Directions
Only the lines below from the one containing "水泥人网了解,2020年12" to the one containing "សូមបញ្ជាក់ថា យោងតាមអនុក្រឹត្យលេខ ៦៧៣" should be repeated, both included and unchanged.

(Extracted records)
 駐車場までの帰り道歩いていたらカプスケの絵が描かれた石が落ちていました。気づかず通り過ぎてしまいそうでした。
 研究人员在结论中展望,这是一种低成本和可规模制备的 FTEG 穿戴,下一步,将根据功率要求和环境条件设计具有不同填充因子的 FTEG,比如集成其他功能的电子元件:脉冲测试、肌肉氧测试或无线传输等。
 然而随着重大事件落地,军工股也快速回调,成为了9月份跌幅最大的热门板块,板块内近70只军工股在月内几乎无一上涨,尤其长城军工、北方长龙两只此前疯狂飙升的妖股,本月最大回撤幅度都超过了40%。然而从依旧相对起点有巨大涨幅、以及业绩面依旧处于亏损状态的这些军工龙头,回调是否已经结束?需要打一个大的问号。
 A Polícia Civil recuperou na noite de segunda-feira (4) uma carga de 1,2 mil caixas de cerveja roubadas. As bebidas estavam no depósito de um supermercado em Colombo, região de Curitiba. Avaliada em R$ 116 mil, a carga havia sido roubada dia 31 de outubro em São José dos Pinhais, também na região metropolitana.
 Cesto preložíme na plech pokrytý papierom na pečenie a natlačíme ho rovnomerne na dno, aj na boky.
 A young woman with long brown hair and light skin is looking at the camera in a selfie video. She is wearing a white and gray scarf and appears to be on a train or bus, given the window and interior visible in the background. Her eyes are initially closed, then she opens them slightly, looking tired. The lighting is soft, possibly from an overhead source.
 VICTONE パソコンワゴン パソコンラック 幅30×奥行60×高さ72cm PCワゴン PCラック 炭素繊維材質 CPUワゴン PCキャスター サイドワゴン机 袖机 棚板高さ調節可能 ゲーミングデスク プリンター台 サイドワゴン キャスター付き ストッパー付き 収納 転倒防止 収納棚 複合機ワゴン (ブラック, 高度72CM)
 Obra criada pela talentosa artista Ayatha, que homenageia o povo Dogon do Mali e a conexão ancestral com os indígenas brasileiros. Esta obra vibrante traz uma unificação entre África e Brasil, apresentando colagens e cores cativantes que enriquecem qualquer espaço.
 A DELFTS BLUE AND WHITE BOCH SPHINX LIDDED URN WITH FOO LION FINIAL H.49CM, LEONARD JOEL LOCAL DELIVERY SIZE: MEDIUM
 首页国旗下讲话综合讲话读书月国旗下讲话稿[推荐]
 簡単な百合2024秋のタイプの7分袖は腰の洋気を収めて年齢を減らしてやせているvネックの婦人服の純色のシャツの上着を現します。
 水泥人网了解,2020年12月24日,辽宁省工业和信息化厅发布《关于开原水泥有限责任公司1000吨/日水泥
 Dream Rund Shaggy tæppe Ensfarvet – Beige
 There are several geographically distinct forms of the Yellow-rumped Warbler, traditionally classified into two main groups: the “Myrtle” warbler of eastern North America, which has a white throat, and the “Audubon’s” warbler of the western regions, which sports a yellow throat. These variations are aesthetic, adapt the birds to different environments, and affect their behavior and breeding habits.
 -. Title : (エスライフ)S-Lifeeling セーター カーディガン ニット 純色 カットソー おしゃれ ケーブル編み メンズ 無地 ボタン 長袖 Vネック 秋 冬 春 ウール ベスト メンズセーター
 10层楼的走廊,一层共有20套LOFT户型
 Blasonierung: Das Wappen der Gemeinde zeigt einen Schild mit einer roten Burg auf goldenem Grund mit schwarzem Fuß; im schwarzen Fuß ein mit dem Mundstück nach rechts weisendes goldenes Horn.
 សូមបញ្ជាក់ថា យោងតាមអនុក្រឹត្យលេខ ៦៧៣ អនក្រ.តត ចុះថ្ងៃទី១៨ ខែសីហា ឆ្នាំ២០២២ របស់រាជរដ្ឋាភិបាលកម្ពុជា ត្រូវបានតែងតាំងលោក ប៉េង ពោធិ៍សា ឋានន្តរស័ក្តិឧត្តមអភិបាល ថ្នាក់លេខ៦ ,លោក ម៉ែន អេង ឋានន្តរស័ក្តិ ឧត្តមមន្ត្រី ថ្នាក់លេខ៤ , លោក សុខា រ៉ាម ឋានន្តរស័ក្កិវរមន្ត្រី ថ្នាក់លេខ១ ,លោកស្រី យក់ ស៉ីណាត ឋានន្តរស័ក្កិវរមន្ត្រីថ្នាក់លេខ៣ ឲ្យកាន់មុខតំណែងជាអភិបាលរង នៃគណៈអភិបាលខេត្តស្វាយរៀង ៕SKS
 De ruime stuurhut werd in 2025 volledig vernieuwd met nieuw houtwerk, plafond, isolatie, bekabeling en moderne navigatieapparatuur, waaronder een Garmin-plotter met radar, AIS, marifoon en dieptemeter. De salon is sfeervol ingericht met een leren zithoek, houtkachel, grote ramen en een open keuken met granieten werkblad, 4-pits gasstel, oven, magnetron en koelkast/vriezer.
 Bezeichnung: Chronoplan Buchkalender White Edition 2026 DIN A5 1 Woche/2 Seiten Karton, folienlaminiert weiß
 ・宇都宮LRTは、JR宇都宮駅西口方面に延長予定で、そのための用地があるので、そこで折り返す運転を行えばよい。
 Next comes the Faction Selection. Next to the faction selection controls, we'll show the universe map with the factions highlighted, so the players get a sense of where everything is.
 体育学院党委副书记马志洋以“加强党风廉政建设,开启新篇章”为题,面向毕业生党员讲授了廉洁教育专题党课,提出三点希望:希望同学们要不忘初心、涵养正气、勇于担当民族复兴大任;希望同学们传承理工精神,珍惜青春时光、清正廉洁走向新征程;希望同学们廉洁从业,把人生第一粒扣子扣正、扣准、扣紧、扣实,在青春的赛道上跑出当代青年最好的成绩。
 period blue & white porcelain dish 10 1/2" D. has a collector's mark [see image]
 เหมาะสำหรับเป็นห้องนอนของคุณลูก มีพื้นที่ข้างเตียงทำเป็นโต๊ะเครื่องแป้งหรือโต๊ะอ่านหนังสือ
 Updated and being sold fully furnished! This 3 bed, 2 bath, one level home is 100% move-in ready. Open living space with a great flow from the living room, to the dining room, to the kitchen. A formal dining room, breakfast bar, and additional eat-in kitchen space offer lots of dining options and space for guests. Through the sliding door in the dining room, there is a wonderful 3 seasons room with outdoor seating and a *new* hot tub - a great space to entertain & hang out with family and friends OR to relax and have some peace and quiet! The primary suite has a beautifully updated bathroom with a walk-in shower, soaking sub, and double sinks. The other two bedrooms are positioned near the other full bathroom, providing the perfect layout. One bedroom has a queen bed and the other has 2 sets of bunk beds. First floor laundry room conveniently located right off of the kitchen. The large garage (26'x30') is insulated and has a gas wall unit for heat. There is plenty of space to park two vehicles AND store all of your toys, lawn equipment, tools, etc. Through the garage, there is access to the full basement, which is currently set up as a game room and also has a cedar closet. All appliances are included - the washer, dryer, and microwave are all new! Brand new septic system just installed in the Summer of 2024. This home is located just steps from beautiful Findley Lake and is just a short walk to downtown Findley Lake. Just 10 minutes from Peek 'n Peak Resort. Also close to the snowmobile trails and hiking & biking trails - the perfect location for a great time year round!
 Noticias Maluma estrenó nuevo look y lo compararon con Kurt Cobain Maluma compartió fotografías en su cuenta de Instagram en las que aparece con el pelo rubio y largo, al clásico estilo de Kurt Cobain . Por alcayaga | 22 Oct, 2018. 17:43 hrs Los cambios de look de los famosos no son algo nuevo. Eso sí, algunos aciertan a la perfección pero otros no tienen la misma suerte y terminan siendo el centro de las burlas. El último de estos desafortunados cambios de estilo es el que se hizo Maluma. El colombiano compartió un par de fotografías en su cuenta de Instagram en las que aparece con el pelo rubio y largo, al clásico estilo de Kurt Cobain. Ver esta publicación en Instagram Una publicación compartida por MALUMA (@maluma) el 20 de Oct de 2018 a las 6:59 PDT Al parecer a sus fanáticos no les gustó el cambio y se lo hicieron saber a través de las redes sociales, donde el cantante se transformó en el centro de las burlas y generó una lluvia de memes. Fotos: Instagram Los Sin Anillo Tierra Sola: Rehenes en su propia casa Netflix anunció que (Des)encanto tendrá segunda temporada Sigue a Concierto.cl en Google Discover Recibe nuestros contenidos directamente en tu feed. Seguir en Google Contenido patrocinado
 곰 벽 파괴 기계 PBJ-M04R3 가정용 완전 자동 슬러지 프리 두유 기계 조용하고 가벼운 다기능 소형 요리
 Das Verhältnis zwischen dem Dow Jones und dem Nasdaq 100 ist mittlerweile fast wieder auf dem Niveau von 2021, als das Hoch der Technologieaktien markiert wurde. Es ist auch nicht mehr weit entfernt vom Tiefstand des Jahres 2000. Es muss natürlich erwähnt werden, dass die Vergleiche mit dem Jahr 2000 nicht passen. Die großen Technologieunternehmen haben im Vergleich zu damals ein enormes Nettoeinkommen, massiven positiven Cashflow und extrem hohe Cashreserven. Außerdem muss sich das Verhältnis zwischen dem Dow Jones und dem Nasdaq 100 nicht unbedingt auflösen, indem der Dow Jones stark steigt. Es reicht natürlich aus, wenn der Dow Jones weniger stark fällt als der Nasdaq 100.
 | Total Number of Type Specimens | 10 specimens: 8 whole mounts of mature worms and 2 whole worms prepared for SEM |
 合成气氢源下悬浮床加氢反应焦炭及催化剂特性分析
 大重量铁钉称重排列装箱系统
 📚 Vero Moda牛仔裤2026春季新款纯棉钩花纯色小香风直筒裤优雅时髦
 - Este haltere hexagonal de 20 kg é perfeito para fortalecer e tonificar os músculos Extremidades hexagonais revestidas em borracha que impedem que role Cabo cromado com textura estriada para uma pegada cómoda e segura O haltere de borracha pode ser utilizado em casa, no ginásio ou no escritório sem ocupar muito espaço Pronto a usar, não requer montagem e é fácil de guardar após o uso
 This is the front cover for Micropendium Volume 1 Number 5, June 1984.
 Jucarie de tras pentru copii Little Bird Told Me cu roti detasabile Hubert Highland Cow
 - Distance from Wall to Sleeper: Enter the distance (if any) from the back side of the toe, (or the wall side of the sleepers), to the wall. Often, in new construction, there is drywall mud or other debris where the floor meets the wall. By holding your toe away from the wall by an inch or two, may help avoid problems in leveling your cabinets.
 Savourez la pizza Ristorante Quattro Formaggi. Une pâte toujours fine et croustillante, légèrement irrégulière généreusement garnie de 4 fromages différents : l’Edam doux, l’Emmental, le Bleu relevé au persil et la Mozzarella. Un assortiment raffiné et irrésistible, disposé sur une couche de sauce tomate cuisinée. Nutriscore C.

Answer to this problem
 水泥人网了解,2020年12月24日,辽宁省工业和信息化厅发布《关于开原水泥有限责任公司1000吨/日水泥
 Dream Rund Shaggy tæppe Ensfarvet – Beige
 There are several geographically distinct forms of the Yellow-rumped Warbler, traditionally classified into two main groups: the “Myrtle” warbler of eastern North America, which has a white throat, and the “Audubon’s” warbler of the western regions, which sports a yellow throat. These variations are aesthetic, adapt the birds to different environments, and affect their behavior and breeding habits.
 -. Title : (エスライフ)S-Lifeeling セーター カーディガン ニット 純色 カットソー おしゃれ ケーブル編み メンズ 無地 ボタン 長袖 Vネック 秋 冬 春 ウール ベスト メンズセーター
 10层楼的走廊,一层共有20套LOFT户型
 Blasonierung: Das Wappen der Gemeinde zeigt einen Schild mit einer roten Burg auf goldenem Grund mit schwarzem Fuß; im schwarzen Fuß ein mit dem Mundstück nach rechts weisendes goldenes Horn.
 សូមបញ្ជាក់ថា យោងតាមអនុក្រឹត្យលេខ ៦៧៣ អនក្រ.តត ចុះថ្ងៃទី១៨ ខែសីហា ឆ្នាំ២០២២ របស់រាជរដ្ឋាភិបាលកម្ពុជា ត្រូវបានតែងតាំងលោក ប៉េង ពោធិ៍សា ឋានន្តរស័ក្តិឧត្តមអភិបាល ថ្នាក់លេខ៦ ,លោក ម៉ែន អេង ឋានន្តរស័ក្តិ ឧត្តមមន្ត្រី ថ្នាក់លេខ៤ , លោក សុខា រ៉ាម ឋានន្តរស័ក្កិវរមន្ត្រី ថ្នាក់លេខ១ ,លោកស្រី យក់ ស៉ីណាត ឋានន្តរស័ក្កិវរមន្ត្រីថ្នាក់លេខ៣ ឲ្យកាន់មុខតំណែងជាអភិបាលរង នៃគណៈអភិបាលខេត្តស្វាយរៀង ៕SKS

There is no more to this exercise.